[Entries supplied]
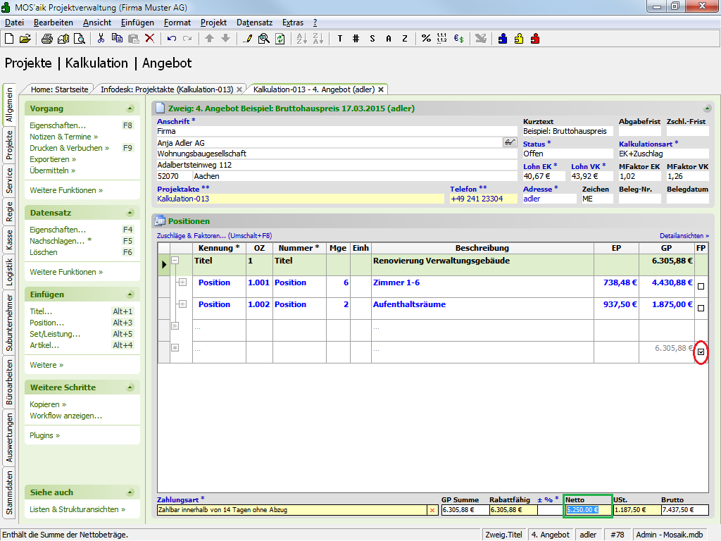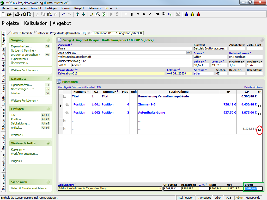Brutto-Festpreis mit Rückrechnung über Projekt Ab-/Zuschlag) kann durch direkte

==

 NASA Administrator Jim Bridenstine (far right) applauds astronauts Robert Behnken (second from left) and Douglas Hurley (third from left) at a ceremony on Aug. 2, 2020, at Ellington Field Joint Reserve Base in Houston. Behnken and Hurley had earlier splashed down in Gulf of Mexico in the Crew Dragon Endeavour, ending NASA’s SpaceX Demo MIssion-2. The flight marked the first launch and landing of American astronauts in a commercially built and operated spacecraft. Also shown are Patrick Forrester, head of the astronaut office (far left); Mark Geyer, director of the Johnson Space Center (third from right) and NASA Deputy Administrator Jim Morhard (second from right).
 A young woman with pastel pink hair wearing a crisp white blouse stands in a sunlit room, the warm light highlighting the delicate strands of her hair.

[Exercise aim] Beginning with the line holding "NASA Administrator Jim" and ending with the line holding "A young woman", write out the stretch of material above exactly; add no further lines.

[Solution below]
 NASA Administrator Jim Bridenstine (far right) applauds astronauts Robert Behnken (second from left) and Douglas Hurley (third from left) at a ceremony on Aug. 2, 2020, at Ellington Field Joint Reserve Base in Houston. Behnken and Hurley had earlier splashed down in Gulf of Mexico in the Crew Dragon Endeavour, ending NASA’s SpaceX Demo MIssion-2. The flight marked the first launch and landing of American astronauts in a commercially built and operated spacecraft. Also shown are Patrick Forrester, head of the astronaut office (far left); Mark Geyer, director of the Johnson Space Center (third from right) and NASA Deputy Administrator Jim Morhard (second from right).
 A young woman with pastel pink hair wearing a crisp white blouse stands in a sunlit room, the warm light highlighting the delicate strands of her hair.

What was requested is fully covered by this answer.